DATASET EXTRACT:
.....
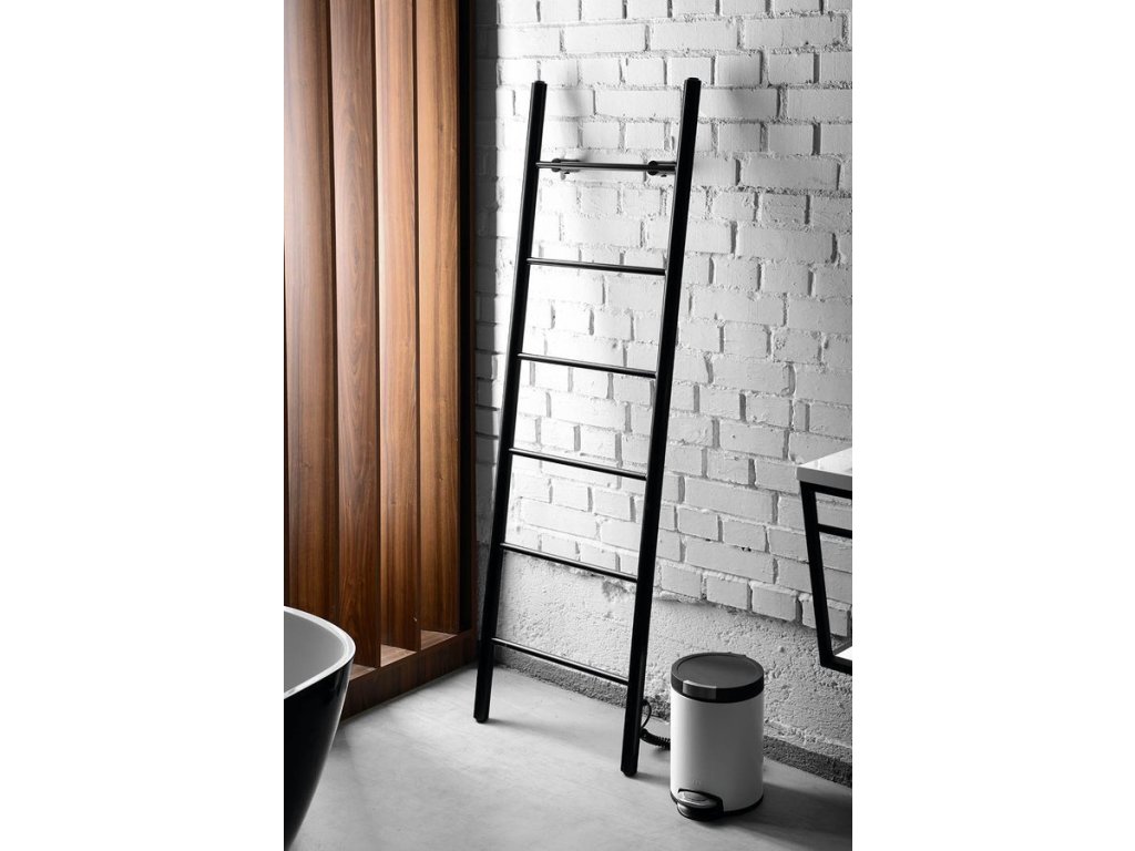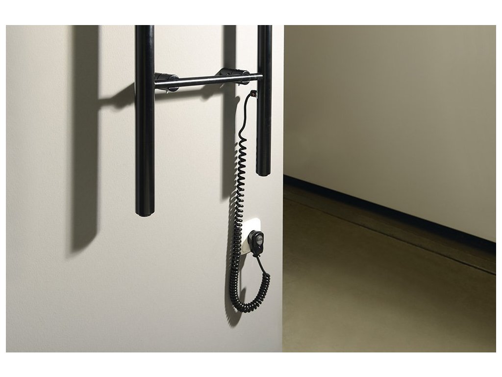 Elektrický sušák ručníků do moderního interiéru - v matně černé barvě jsou nejen trubky a uchycení, ale i napájecí kabel a elektrická zástrčka.
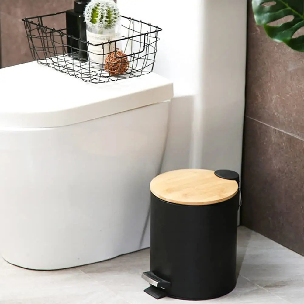CESTO DE BASURA NEGRO TAPA BAMBU 3 LITROS
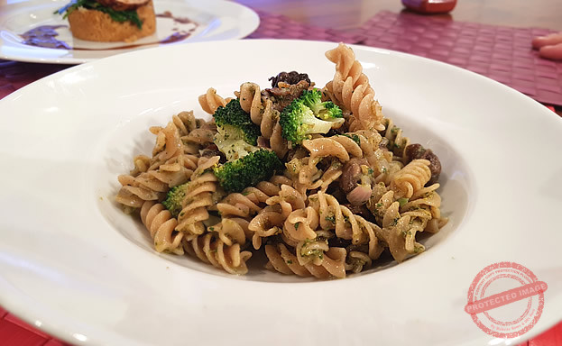 Għaġin ismar bil-bebbux, bi derssing tas-sagħtar, asparaġi u żebbuġ
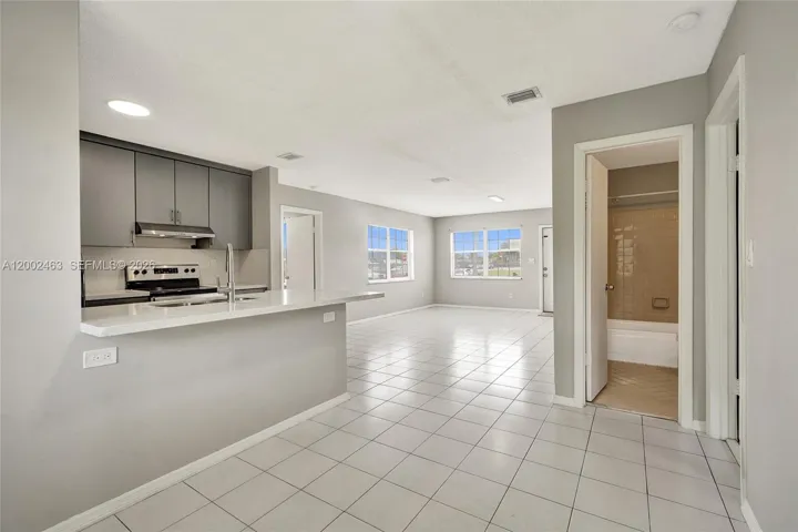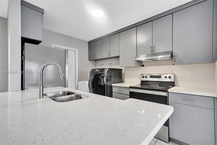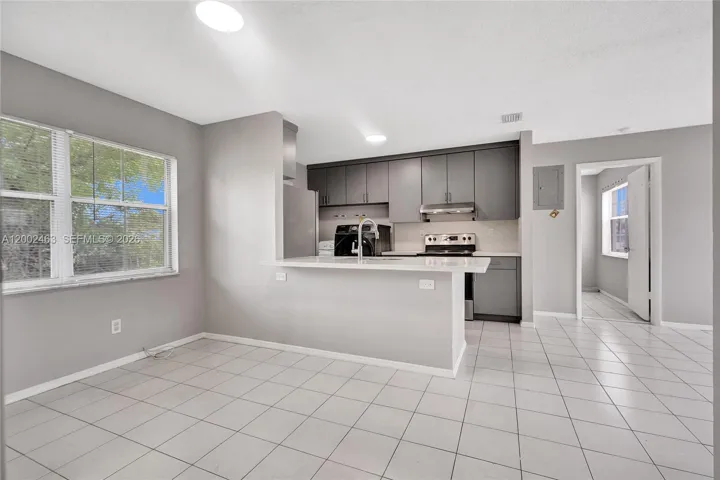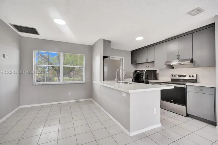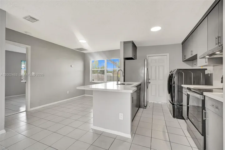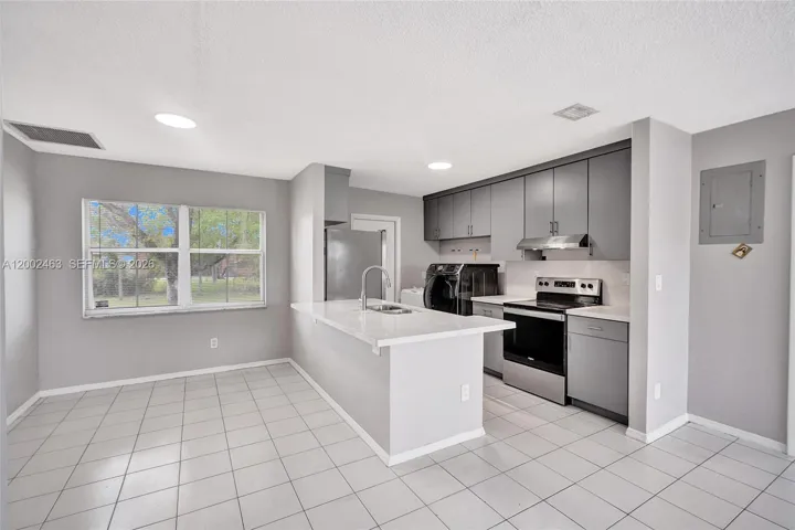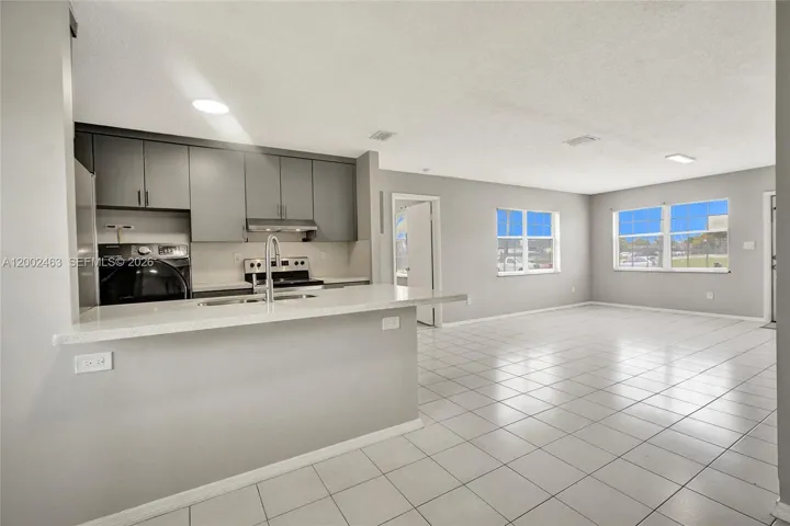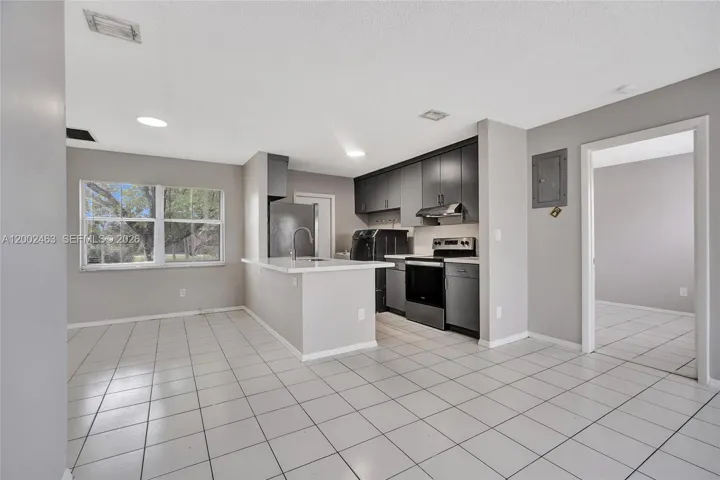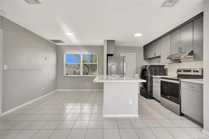 Welcome to 5532 SW 22nd St a bright, move-in ready home on a spacious corner lot in West Park, FL. With 1,189 square feet of stylishly updated living space, this 3-bedroom, 2-bathroom home is the perfect blend of modern design and everyday comfort. Step inside to an open, flowing layout where the living area connects effortlessly to a beautifully renovated kitchen. Featuring quartz countertops, grey shaker cabinets, stainless steel appliances, and a peninsula island ideal for casual dining or entertaining, this kitchen is truly the heart of the home. An in-unit washer and dryer add everyday convenience you’ll appreciate from day one. Large windows fill every room with natural light, while fresh neutral grey walls and gleaming white tile floors throughout give the home a clean, modern feel perfectly suited to the South Florida lifestyle. Both bedrooms are generously sized with great closet space, and the two full bathrooms are well-appointed and ready for you to move right in. Outside, the corner lot offers extra yard space, added privacy, and standout curb appeal, with a concrete driveway and a well-maintained lawn that makes a great first impression. Ideally located in West Park with quick access to major highways, shopping, dining, and more everything you need is just minutes away.
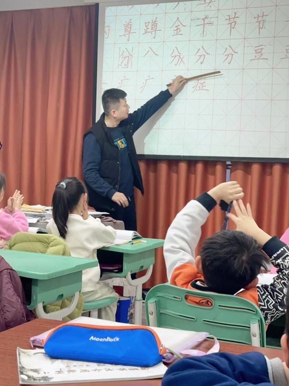 秉持弘扬传统文化、丰富居民精神世界的初衷,社工站还特邀书法爱好者宋老师,在国际志愿者日期间开设书法公益课堂。志愿者们化身课堂助手,热情引导居民有序入座,分发笔墨纸砚。宋老师从书法的基础握笔姿势讲起,他手持毛笔,以身示范,手指灵活地转动笔杆,向居民们展示如何做到 “指实掌虚”。
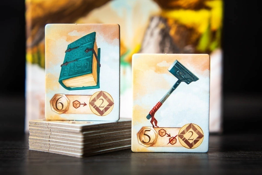 - Reclamação de Cartas: Quando todos os quadrados de uma carta de paisagem forem revisados, o jogador que coletou mais fichas reivindica a carta, ganhando um novo membro para sua festa.
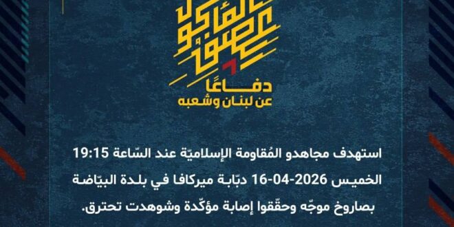 دفاعًا عن لبنان وشعبه، استهدف مجاهدو المُقاومة الإسلاميّة عند السّاعة 19:15 الخميس 16-04-2026 دبّابة ميركافا في بلدة البيّاضة بصاروخ موجّه وحقّقوا إصابة مؤكّدة وشوهدت تحترق.
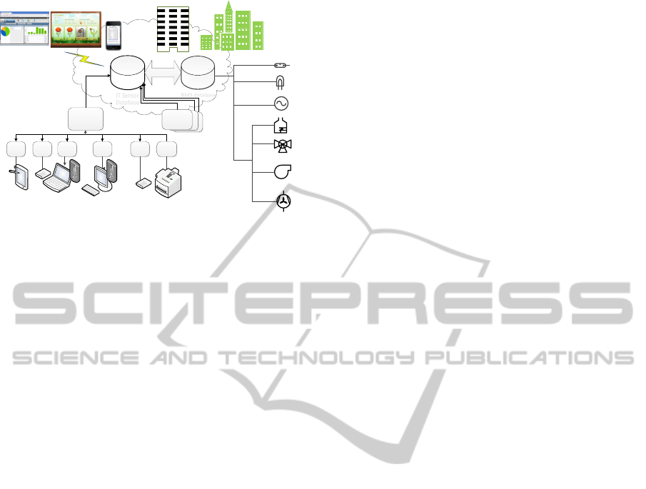 cludes sensor DB server, PC clients and other devices.
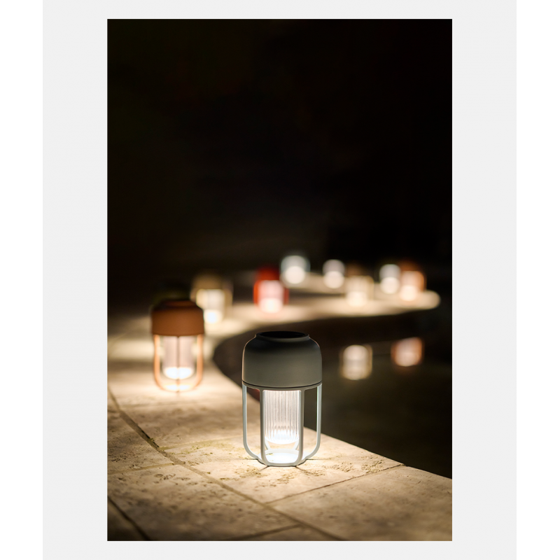 Light No.1 is a portable solar-powered lamp for use both outdoor and indoor. Featuring the high-quality aesthetics known from interior lighting. The appearance is characterized by an elegant, smooth surface and an appealing color palette. The design ensures discrete placement of the solar module, which becomes an integrated part of the lamp.
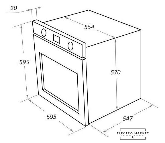 электрический с конвекцией, объем 58 л, 10 режимов, очистка ручная, 2 стекла в дверце, направляющие проволочные + телескопические (2 уровня)
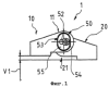 Каждая петля включает в себя по одному эксцентриковому устройству 50, которое размещено в имеющем овальную форму в сечении центральном отверстии 53 шарнирной части 11 первой части 10 петли. Оно имеет выступ 51, который проходит через удлиненное отверстие 52, которое предусмотрено в конструктивном элементе 55.
.....
EXERCISE PROMPT: In the material above, the stretch from the line with "دفاعًا عن لبنان" through the line with "электрический с конвекцией, объем" is to be given again exactly, minus the pictures.

REPLY TO THE EXERCISE:
 دفاعًا عن لبنان وشعبه، استهدف مجاهدو المُقاومة الإسلاميّة عند السّاعة 19:15 الخميس 16-04-2026 دبّابة ميركافا في بلدة البيّاضة بصاروخ موجّه وحقّقوا إصابة مؤكّدة وشوهدت تحترق.
 cludes sensor DB server, PC clients and other devices.
 Light No.1 is a portable solar-powered lamp for use both outdoor and indoor. Featuring the high-quality aesthetics known from interior lighting. The appearance is characterized by an elegant, smooth surface and an appealing color palette. The design ensures discrete placement of the solar module, which becomes an integrated part of the lamp.
 электрический с конвекцией, объем 58 л, 10 режимов, очистка ручная, 2 стекла в дверце, направляющие проволочные + телескопические (2 уровня)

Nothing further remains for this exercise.